TTFields significantly augmented the effect induced by olaparib and niraparib alone in all examined cell lines, as seen based on cell count ( Figures 2A–C , 3A–C , respectively; p<0.0001 for all cell lines with both drugs) and on the overall effect ( Figures 2D–F , 3D–F , respectively). Apoptosis analysis demonstrated elevation in the apoptotic cell fraction when TTFields were co-applied with olaparib or niraparib, suggesting a cytotoxic effect ( Figures 2G–I , 3G–I , respectively p<0.0001 for all cell lines with both drugs).
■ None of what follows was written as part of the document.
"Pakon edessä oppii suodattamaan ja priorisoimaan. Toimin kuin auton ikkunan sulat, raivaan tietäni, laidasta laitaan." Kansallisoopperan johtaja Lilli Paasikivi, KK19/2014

Additivity was determined for TTFields with PARPi in OVCAR-3 cells, as the actual measured curves overlapped the calculated additive curves for the co-treatment (and 95% CI for I_i spanned 1) ( Figures 2A–F , 3A–F , dashed lines; Figures 2J , 3J ). Different levels of synergy were determined in A2780 and A2780cis cells, with the lower I_i determined for the former indicating higher levels of TTFields plus PARPi synergy in A2780 cells. Interestingly, the levels of synergy for TTFields plus PARPi in the A2780 cells was higher than that demonstrated with carboplatin in either A2780 and A2780cis cells.
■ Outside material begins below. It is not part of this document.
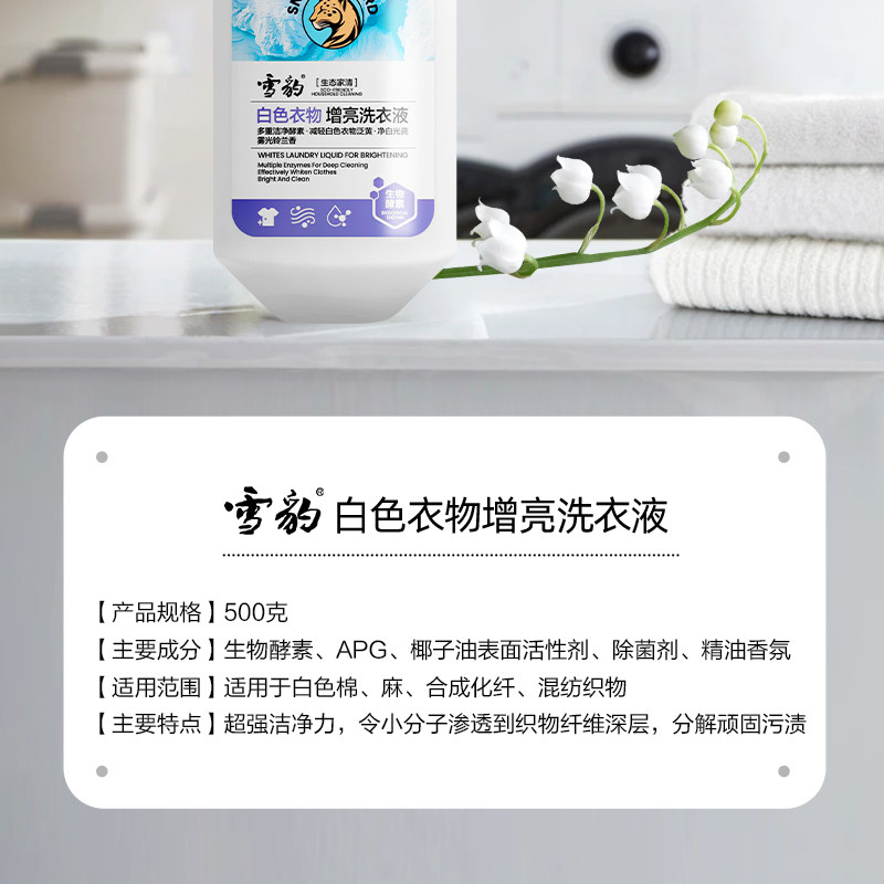 📚 雪豹白色浅色衣物专用洗衣液衬衫白T恤泛黄增亮留香家庭装500g

We next examined accumulation of DNA damage in treated cells, by fluorescence microscopy detection of γH2AX foci in cell nuclei ( Figures 4A–I ). For these experiments, per each cell line, drugs were used at concentrations that induce 70 to 80 percent reduction in cell count when co-applied with TTFields. Under the selected conditions olaparib and niraparib alone, induced only a mild elevation in the levels of γH2AX in all cell lines. Carboplatin facilitated a more pronounced effect that was especially dramatic in the OVCAR-3 cells. Application of TTFields alone to the cells induced low or no effect on the level of γH2AX foci formation relative to control. However, co-application of TTFields together with either of the three drugs elevated the foci levels significantly relative to control and to TTFields or drug monotherapy.

To further understand how TTFields were involved in elevating DNA damage, we examined possible changes in expression levels of the cyclin-dependent kinase inhibitor p21 ( Figures 4J, K ), a key mediator of DNA damage-induced cell cycle arrest (31, 32), and of proteins from the FA-BRCA pathway for DNA damage repair ( Figures 4L–N ). TTFields application to the various cell lines elevated expression levels of p21 in A2780 and A2780cis cells (we could not detect p21 in the OVCAR-3 cells, as previously reported (33)), and decreased the expression of FANCB, FANCD2, FANCJ and BRCA2 relative to control cells in all three cell lines.

We next tested whether the various treatments and their consequent DNA damage formation and p21 elevation could induce cell cycle arrest ( Figures 5A–I ; Supplementary Figure 3 ). Carboplatin, olaparib, and niraparib alone all induced G2/M arrest, while co-application of TTFields with each of the drugs significantly elevated the fraction of cells in G2/M.

We measured the effect of TTFields application together with olaparib in mice bearing orthotopic ID8-fLuc (HRP cells) ovarian cancer tumors. Experimental timeline and a schematic illustration of the TTFields/sham arrays attached to the mouse torso are depicted in Figures 6A, B , respectively. The photon flux measured before treatment showed 100% tumor engraftment, and no significant difference in tumor volume between treatment groups at the start timepoint ( Supplementary Figure 4 ). After the 4 weeks treatment period, significantly smaller tumor volumes were seen for mice treated with TTFields plus olaparib, which were lower by about 80% compared to controls (p=0.0183) and to olaparib only treated mice (p=0.0066) ( Figure 6C ). Additionally, about 70% reduction in tumor growth was observed in mice treated with TTFields alone compared to olaparib monotherapy (p=0.0288) and to control (p=0.0658).

The Kaplan-Meier curve showed median overall survival of 62 days for control, 64 days for TTFields alone, 64.5 days for olaparib alone, and 70 days for TTFields plus olaparib ( Figure 6D ). Survival was significantly prolonged in the mice co-treated with TTFields plus olaparib compared to control mice (p=0.0003), olaparib monotherapy (p=0.0003), and TTFields monotherapy (p=0.0130). Notably, survival benefit was also observed in olaparib only treated mice compared to control mice (p=0.0401).